### Material shown
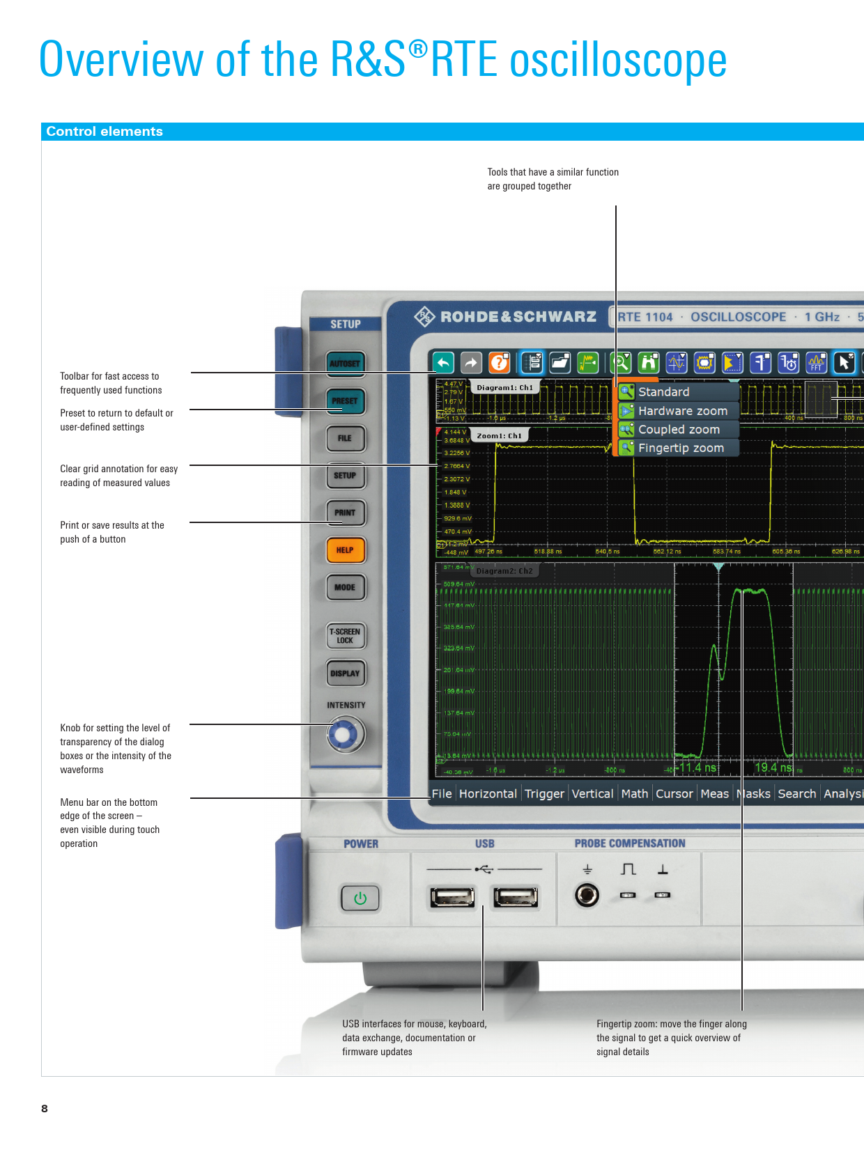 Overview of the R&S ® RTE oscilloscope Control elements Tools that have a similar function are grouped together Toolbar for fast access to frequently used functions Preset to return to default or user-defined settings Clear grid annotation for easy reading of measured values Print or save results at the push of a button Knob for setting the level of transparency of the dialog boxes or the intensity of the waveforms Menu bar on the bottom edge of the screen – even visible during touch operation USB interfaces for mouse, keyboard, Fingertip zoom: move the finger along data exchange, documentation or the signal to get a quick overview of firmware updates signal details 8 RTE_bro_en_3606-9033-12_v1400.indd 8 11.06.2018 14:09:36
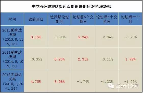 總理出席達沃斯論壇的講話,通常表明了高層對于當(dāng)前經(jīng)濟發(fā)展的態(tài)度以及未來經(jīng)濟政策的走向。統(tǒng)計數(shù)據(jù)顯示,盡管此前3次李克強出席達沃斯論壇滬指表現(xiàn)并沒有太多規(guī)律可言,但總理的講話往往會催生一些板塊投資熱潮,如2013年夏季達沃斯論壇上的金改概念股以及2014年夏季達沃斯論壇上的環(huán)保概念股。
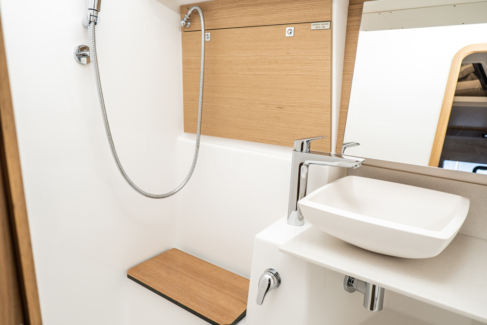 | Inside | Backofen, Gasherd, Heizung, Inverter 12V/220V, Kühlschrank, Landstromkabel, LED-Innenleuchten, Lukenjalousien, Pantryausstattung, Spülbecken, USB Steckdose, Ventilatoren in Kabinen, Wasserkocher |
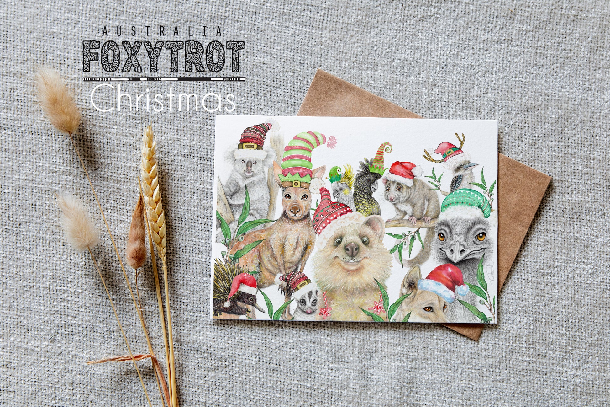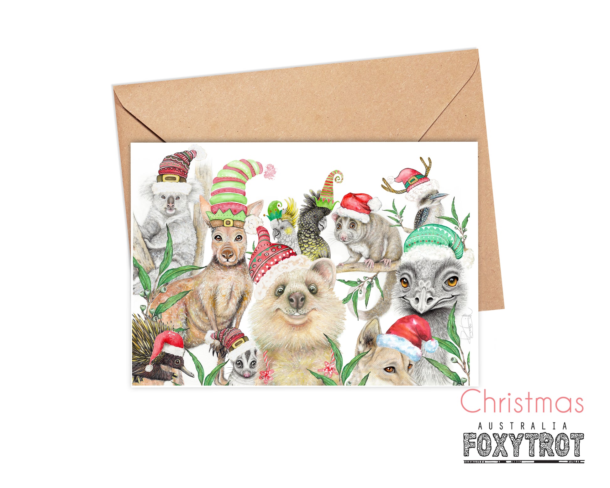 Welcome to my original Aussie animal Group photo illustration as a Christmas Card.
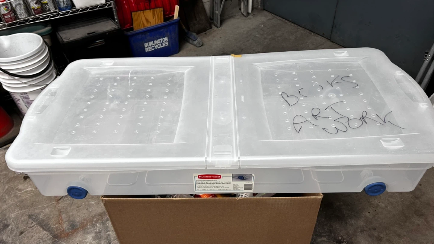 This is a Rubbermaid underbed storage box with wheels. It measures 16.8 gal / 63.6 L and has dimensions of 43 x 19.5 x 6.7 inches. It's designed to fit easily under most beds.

### Problem description
Omit the pictures and return exactly the lines from the line containing "Kabinen, Wasserkocher |" through the final line of the material above, both ends included.

### Completed exercise
 | Inside | Backofen, Gasherd, Heizung, Inverter 12V/220V, Kühlschrank, Landstromkabel, LED-Innenleuchten, Lukenjalousien, Pantryausstattung, Spülbecken, USB Steckdose, Ventilatoren in Kabinen, Wasserkocher |
 Welcome to my original Aussie animal Group photo illustration as a Christmas Card.
 This is a Rubbermaid underbed storage box with wheels. It measures 16.8 gal / 63.6 L and has dimensions of 43 x 19.5 x 6.7 inches. It's designed to fit easily under most beds.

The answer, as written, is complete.